▸ Data segment:
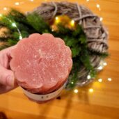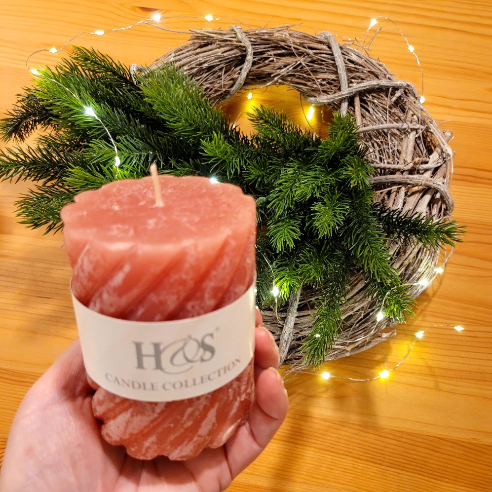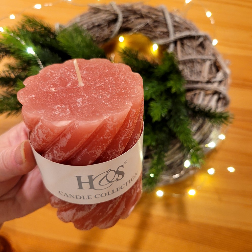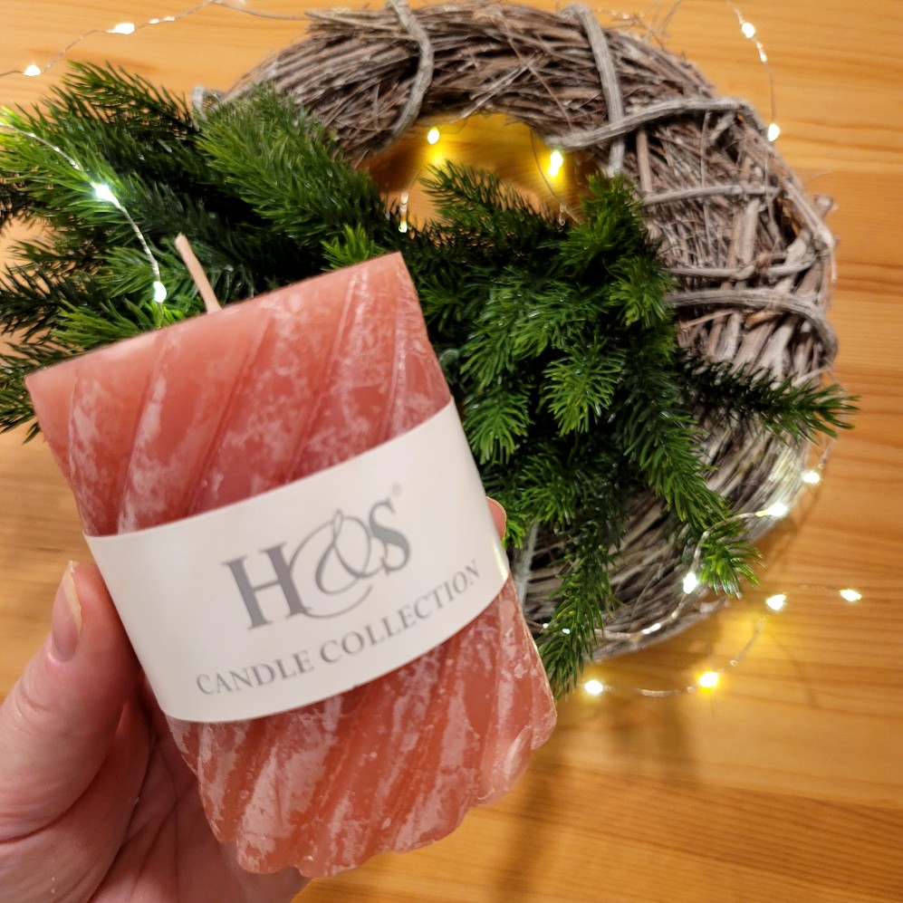 Rustikální svíčka s jemným reliéfním zdobením, ve velmi příjemné barvě růžovo-malinové.
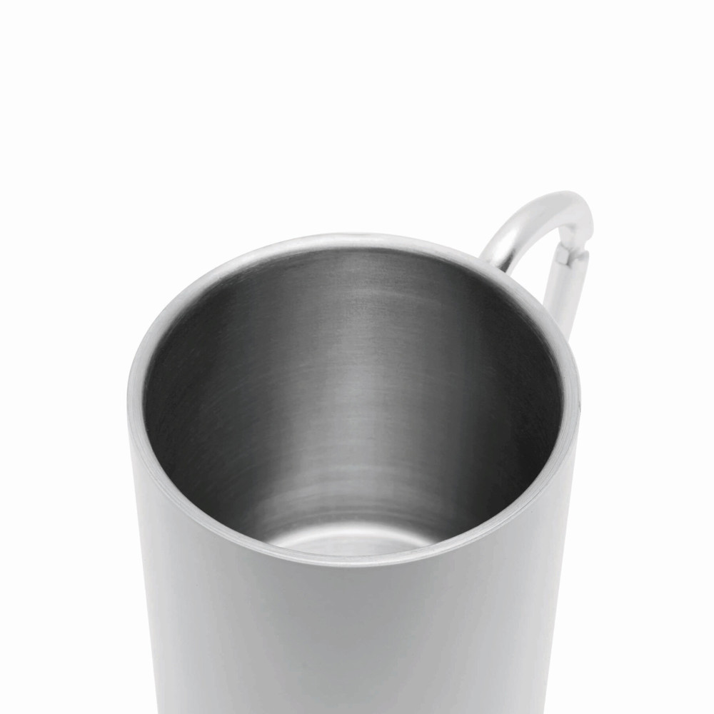 Edelstahl-Becher DEEP VALLEY, doppelwandig: außen farbig und innen silber, mit silbernem Karabinerhaken (der Karabiner ist NICHT als Sicherung beim Klettern geeignet), Füllmenge ca. 300 ml
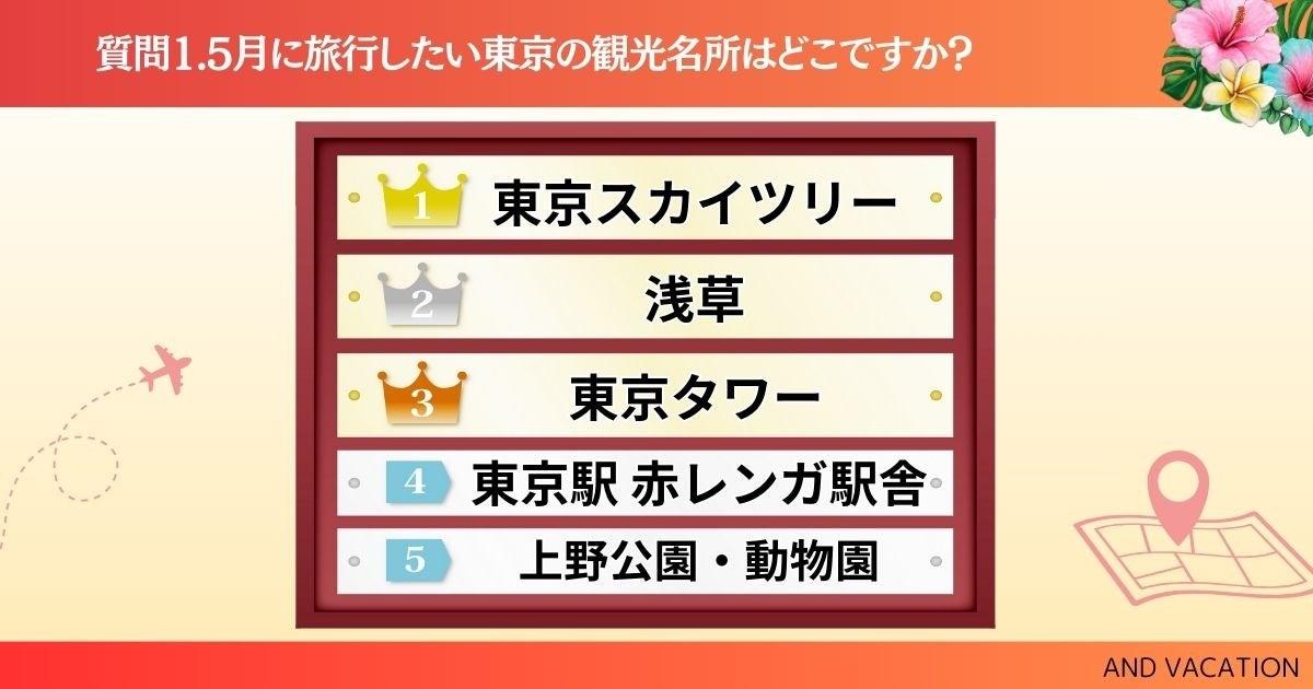 そこで、5月に旅行したい東京の観光名所を、アンケートで聞き取り調査をしました。ぜひ、チェックしてみてください!

▸ Work order:
Repeat, exactly and only, the lines from the one containing "Edelstahl-Becher DEEP VALLEY, doppelwandig: außen" through the final line of the data, both ends included, leaving out any picture.

▸ Completed exercise:
 Edelstahl-Becher DEEP VALLEY, doppelwandig: außen farbig und innen silber, mit silbernem Karabinerhaken (der Karabiner ist NICHT als Sicherung beim Klettern geeignet), Füllmenge ca. 300 ml
 そこで、5月に旅行したい東京の観光名所を、アンケートで聞き取り調査をしました。ぜひ、チェックしてみてください!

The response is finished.